1. Track model performance metrics (accuracy, precision, recall) in production.

2. Monitor data drift and implement alerts for significant deviations.

3. Periodically retrain the model with new data.

**Implementation Plan:**

1. Use Prometheus and Grafana for monitoring.

2. Automate retraining using a CI/CD pipeline with tools like GitHub Actions or Jenkin

In [None]:
# Step 5: Monitoring and Feedback Loop
def retrain_model_with_new_data(new_data_filepath, model, vectorizer):
    new_data = load_and_preprocess_data(new_data_filepath)
    X_new, y_new, _ = feature_engineering(new_data)
    X_resampled, y_resampled = SMOTE().fit_resample(X_new, y_new)
    model.fit(X_resampled, y_resampled)
    return model

In [None]:
# Main execution flow
if __name__ == '__main__':
    # Load and preprocess data
    data_filepath = 'amazon_reviews.csv'  # Replace with actual dataset path
    data = load_and_preprocess_data(data_filepath)
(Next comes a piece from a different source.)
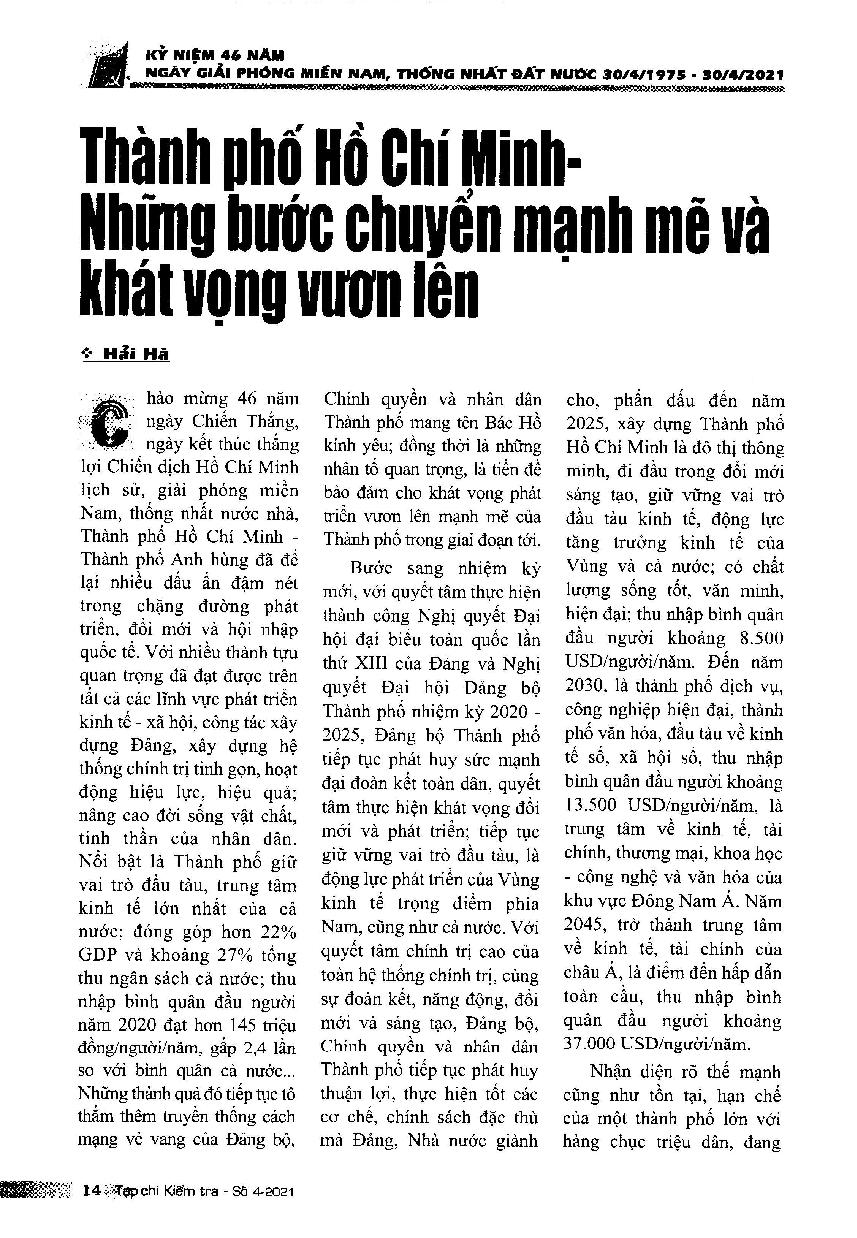 Thành phố Hồ Chí Minh - Những bước chuyển mạnh mẽ và khát vọng vươn lên

    # Feature engineering and model training
    X, y, vectorizer = feature_engineering(data)
    model, vectorizer = train_model(X, y)

    # Save the model and vectorizer
    joblib.dump(model, 'feedback_model.pkl')
    joblib.dump(vectorizer, 'vectorizer.pkl')

    # Create and run the API
    app = create_api(model, vectorizer)
    app.run(debug=True, host='0.0.0.0', port=5000)

**Evaluation Plan
Metrics:**

1. Precision, Recall, F1 Score for model evaluation.

2. Latency and throughput for API performance.

**Scalability:**

Deploy a scalable architecture using container orchestration tools like Kubernetes.

**Next Steps**

1. Set up project repository: Structure code and documents.

2. Collect and preprocess data: Start with the Kaggle dataset and preprocess it.

3. Train initial models: Use simple models (e.g., Logistic Regression) and progressively test advanced models (e.g., BERT).

4. Build API: Create and test the prediction endpoint.

5. Deploy and monitor: Host API and implement monitoring systems.

I’ve built the Python code for the customer feedback analysis system following your requirements. The code includes data ingestion, preprocessing, model training, and API deployment.

 Key features:

1. Data Preprocessing: Cleans and normalizes text reviews.
2. Feature Engineering: Uses TF-IDF for feature extraction.
3. Model Training: Employs a Random Forest model with SMOTE for handling class imbalance.
4. API Deployment: A Flask-based API for real-time predictions.